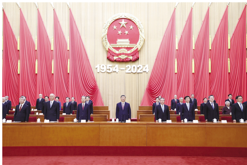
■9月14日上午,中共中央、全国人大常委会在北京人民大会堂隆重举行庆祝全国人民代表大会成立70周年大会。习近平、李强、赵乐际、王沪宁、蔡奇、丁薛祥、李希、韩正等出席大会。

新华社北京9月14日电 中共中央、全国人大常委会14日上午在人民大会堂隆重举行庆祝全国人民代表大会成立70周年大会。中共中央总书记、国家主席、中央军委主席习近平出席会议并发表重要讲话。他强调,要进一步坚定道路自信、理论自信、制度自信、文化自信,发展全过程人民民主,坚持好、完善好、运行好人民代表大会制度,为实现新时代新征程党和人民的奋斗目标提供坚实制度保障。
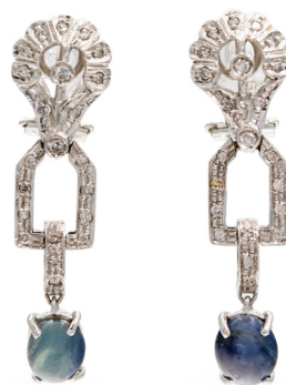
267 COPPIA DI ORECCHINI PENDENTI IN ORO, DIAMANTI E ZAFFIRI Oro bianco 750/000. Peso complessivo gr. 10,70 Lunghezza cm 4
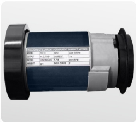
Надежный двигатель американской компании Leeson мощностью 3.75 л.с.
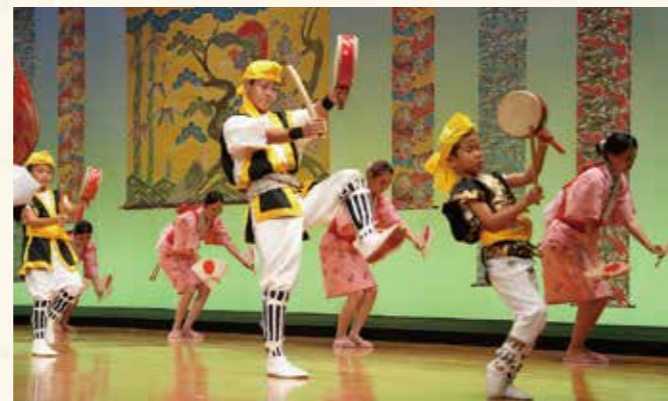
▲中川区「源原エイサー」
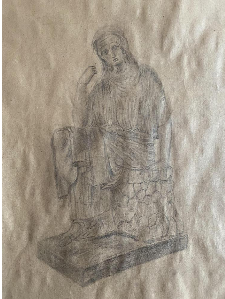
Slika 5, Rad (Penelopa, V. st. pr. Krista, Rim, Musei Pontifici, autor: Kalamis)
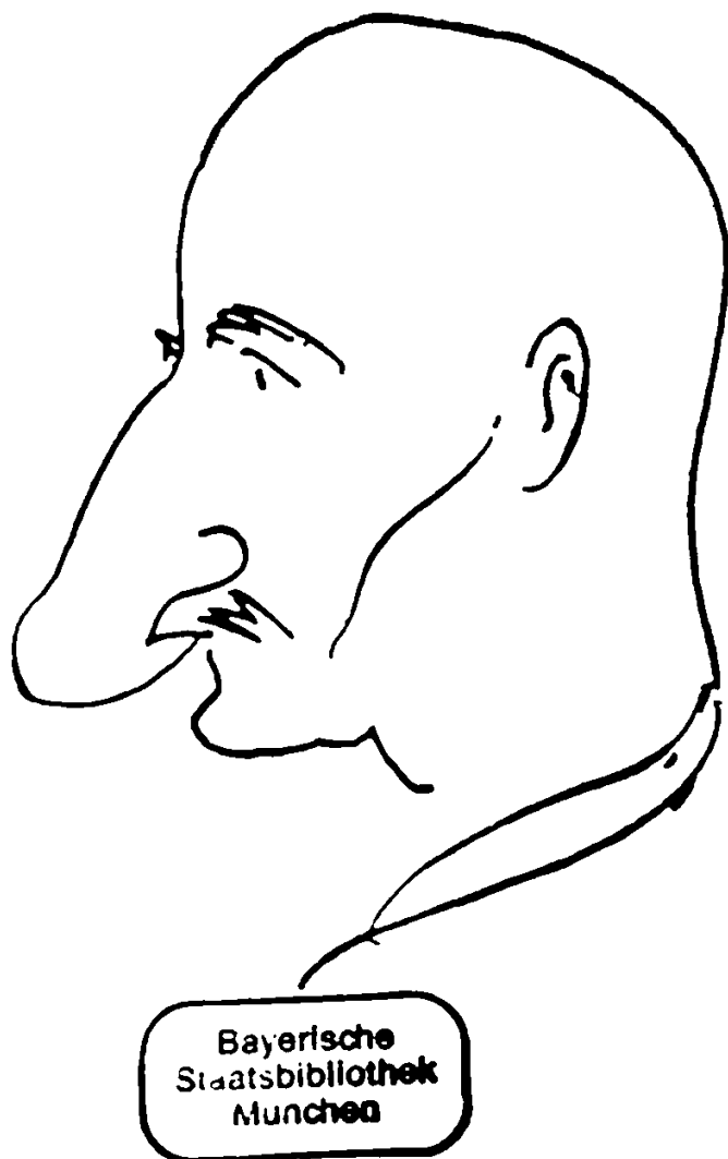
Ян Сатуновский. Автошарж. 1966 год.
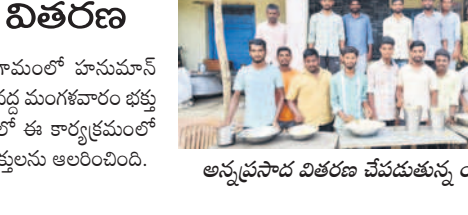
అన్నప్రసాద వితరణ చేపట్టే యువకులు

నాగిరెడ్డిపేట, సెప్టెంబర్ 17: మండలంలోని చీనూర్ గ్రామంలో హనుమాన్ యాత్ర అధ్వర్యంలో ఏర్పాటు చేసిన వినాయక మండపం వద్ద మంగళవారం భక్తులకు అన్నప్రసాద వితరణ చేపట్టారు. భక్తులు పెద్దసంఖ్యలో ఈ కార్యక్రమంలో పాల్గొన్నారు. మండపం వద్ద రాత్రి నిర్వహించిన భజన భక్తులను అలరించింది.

§ **AIM OF THE EXERCISE**:
Start at the first line and set down all of the data exactly, passing over the pictures.

§ **REPLY**:
■9月14日上午,中共中央、全国人大常委会在北京人民大会堂隆重举行庆祝全国人民代表大会成立70周年大会。习近平、李强、赵乐际、王沪宁、蔡奇、丁薛祥、李希、韩正等出席大会。

新华社北京9月14日电 中共中央、全国人大常委会14日上午在人民大会堂隆重举行庆祝全国人民代表大会成立70周年大会。中共中央总书记、国家主席、中央军委主席习近平出席会议并发表重要讲话。他强调,要进一步坚定道路自信、理论自信、制度自信、文化自信,发展全过程人民民主,坚持好、完善好、运行好人民代表大会制度,为实现新时代新征程党和人民的奋斗目标提供坚实制度保障。
267 COPPIA DI ORECCHINI PENDENTI IN ORO, DIAMANTI E ZAFFIRI Oro bianco 750/000. Peso complessivo gr. 10,70 Lunghezza cm 4
Надежный двигатель американской компании Leeson мощностью 3.75 л.с.
▲中川区「源原エイサー」
Slika 5, Rad (Penelopa, V. st. pr. Krista, Rim, Musei Pontifici, autor: Kalamis)
Ян Сатуновский. Автошарж. 1966 год.
అన్నప్రసాద వితరణ చేపట్టే యువకులు

నాగిరెడ్డిపేట, సెప్టెంబర్ 17: మండలంలోని చీనూర్ గ్రామంలో హనుమాన్ యాత్ర అధ్వర్యంలో ఏర్పాటు చేసిన వినాయక మండపం వద్ద మంగళవారం భక్తులకు అన్నప్రసాద వితరణ చేపట్టారు. భక్తులు పెద్దసంఖ్యలో ఈ కార్యక్రమంలో పాల్గొన్నారు. మండపం వద్ద రాత్రి నిర్వహించిన భజన భక్తులను అలరించింది.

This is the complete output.